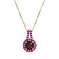This Lab Ruby and Amethyst Necklace is casted in 14k Yellow Gold. This Women’s Halo necklace features exceptionally fine gemstones, on par with those found in the world's most exclusive boutiques and among the top 10% available globally. Timeless Pendant Featuring A Central, Round Stone Encircled By A Halo Of Smaller Gems. The Design Is Finished with A Split Bail, Also Adorned with Sparkling Gems. This necklace comes with a complimentary 18-inch chain. Enjoy the confidence of our 30-day, stress-free return policy—with return shipping fully covered. Each piece is also accompanied by a Lifetime Warranty, ensuring lasting beauty and peace of mind.
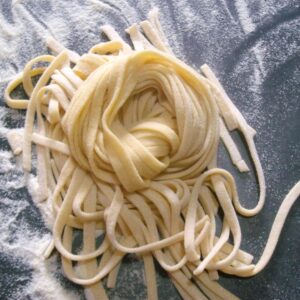 - To prevent your fettuccine from sticking, dust them with semolina flour, using a sweeping motion as seen in the picture.
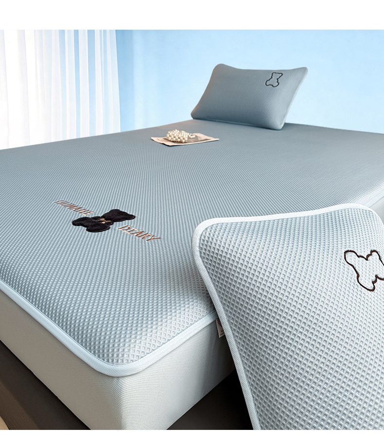 • 91家纺网 家纺一手货源 找家纺 雯豆家纺 2026新款PE中分子绣花床笠三件套夏季凉感豆豆席子床罩-墨仔熊 墨仔熊床笠款-蓝
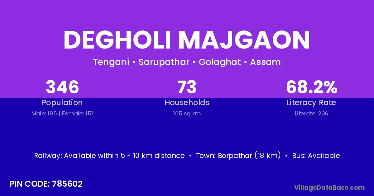 Borpathar (18 km) is the nearest town to Degholi Majgaon village for major economic activities and is located approximately 18 km away.
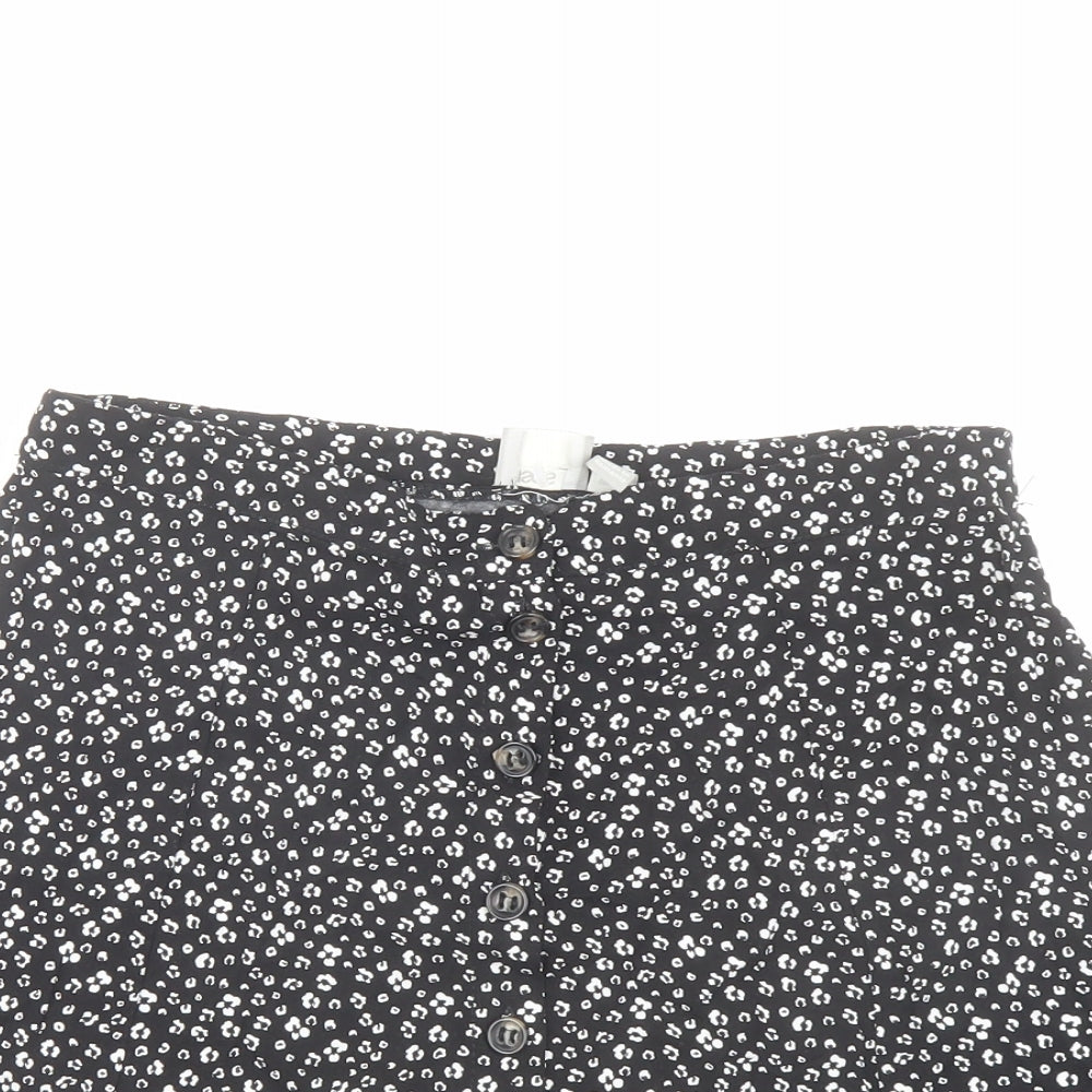 Womens Black Floral Viscose Mini Skirt Size 12 Button
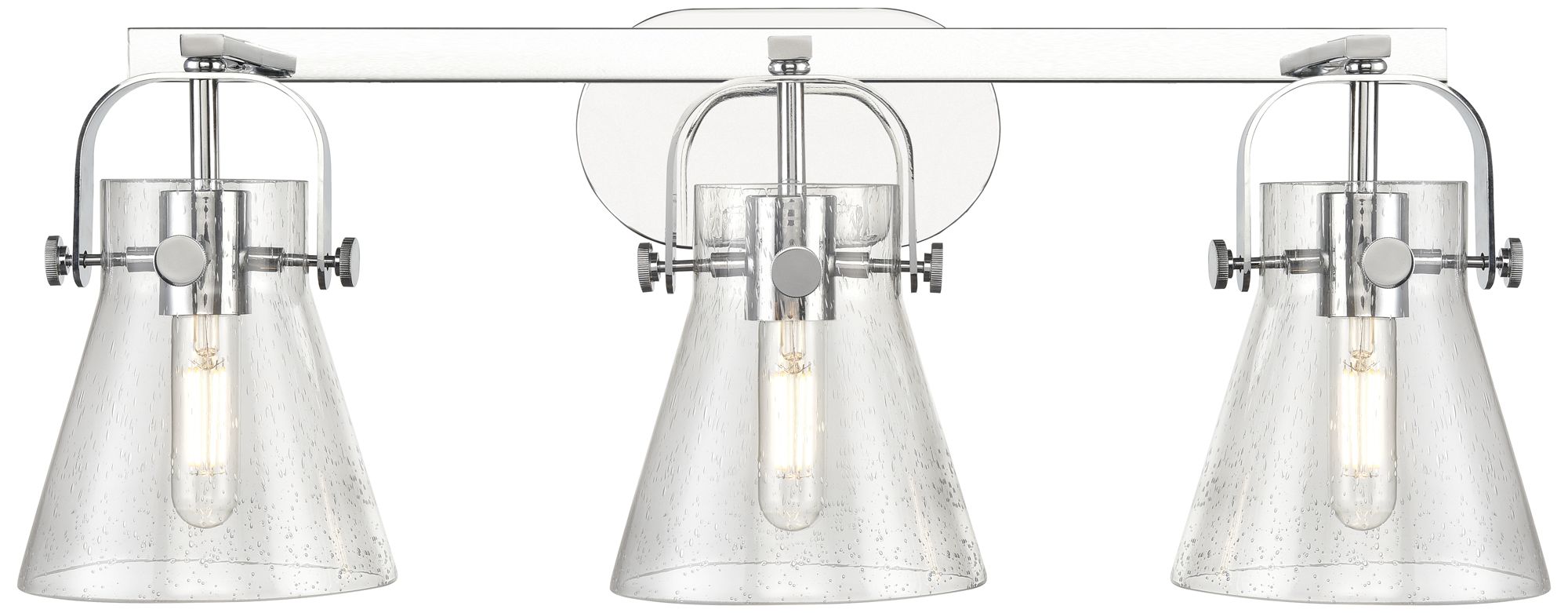 Pilaster II Cone 26.5" Wide 3 Light Chrome Bath Light With Seedy Shade
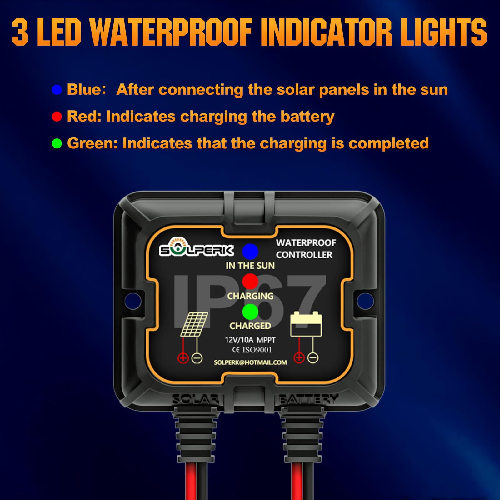 【High-Efficiency MPPT Controller】This advanced MPPT charge controller providing over 30% additional power compared to standard solar charge controllers. This fully waterproof MPPT controller can be completely submerged in water. It offers comprehensive protection for your battery, safeguarding against overcharging, deep discharging, excessive voltage, current surges, overloads, short circuits, reverse polarity, and overheating
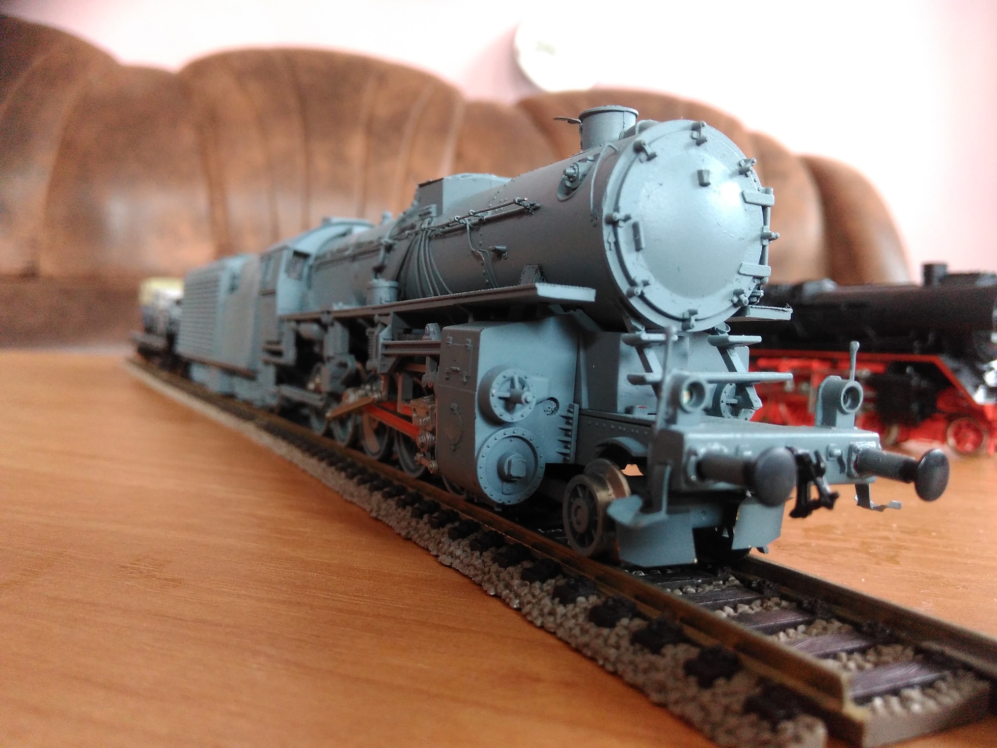 Он покрашен очень просто. Тупо серый с тонировкой, у меня с декалью проблемы: где (кроме ебея) купить на BR-52 декали не знаю, на выходных буду подбирать от ревеловских паровозов.Stinky писав:Довольно живо покрашен кригслок.

★ ★ ★ ★ ★

Task details: Each entry above should be copied word for word, with the images omitted.

Task output:
This Lab Ruby and Amethyst Necklace is casted in 14k Yellow Gold. This Women’s Halo necklace features exceptionally fine gemstones, on par with those found in the world's most exclusive boutiques and among the top 10% available globally. Timeless Pendant Featuring A Central, Round Stone Encircled By A Halo Of Smaller Gems. The Design Is Finished with A Split Bail, Also Adorned with Sparkling Gems. This necklace comes with a complimentary 18-inch chain. Enjoy the confidence of our 30-day, stress-free return policy—with return shipping fully covered. Each piece is also accompanied by a Lifetime Warranty, ensuring lasting beauty and peace of mind.
 - To prevent your fettuccine from sticking, dust them with semolina flour, using a sweeping motion as seen in the picture.
 • 91家纺网 家纺一手货源 找家纺 雯豆家纺 2026新款PE中分子绣花床笠三件套夏季凉感豆豆席子床罩-墨仔熊 墨仔熊床笠款-蓝
 Borpathar (18 km) is the nearest town to Degholi Majgaon village for major economic activities and is located approximately 18 km away.
 Womens Black Floral Viscose Mini Skirt Size 12 Button
 Pilaster II Cone 26.5" Wide 3 Light Chrome Bath Light With Seedy Shade
 【High-Efficiency MPPT Controller】This advanced MPPT charge controller providing over 30% additional power compared to standard solar charge controllers. This fully waterproof MPPT controller can be completely submerged in water. It offers comprehensive protection for your battery, safeguarding against overcharging, deep discharging, excessive voltage, current surges, overloads, short circuits, reverse polarity, and overheating
 Он покрашен очень просто. Тупо серый с тонировкой, у меня с декалью проблемы: где (кроме ебея) купить на BR-52 декали не знаю, на выходных буду подбирать от ревеловских паровозов.Stinky писав:Довольно живо покрашен кригслок.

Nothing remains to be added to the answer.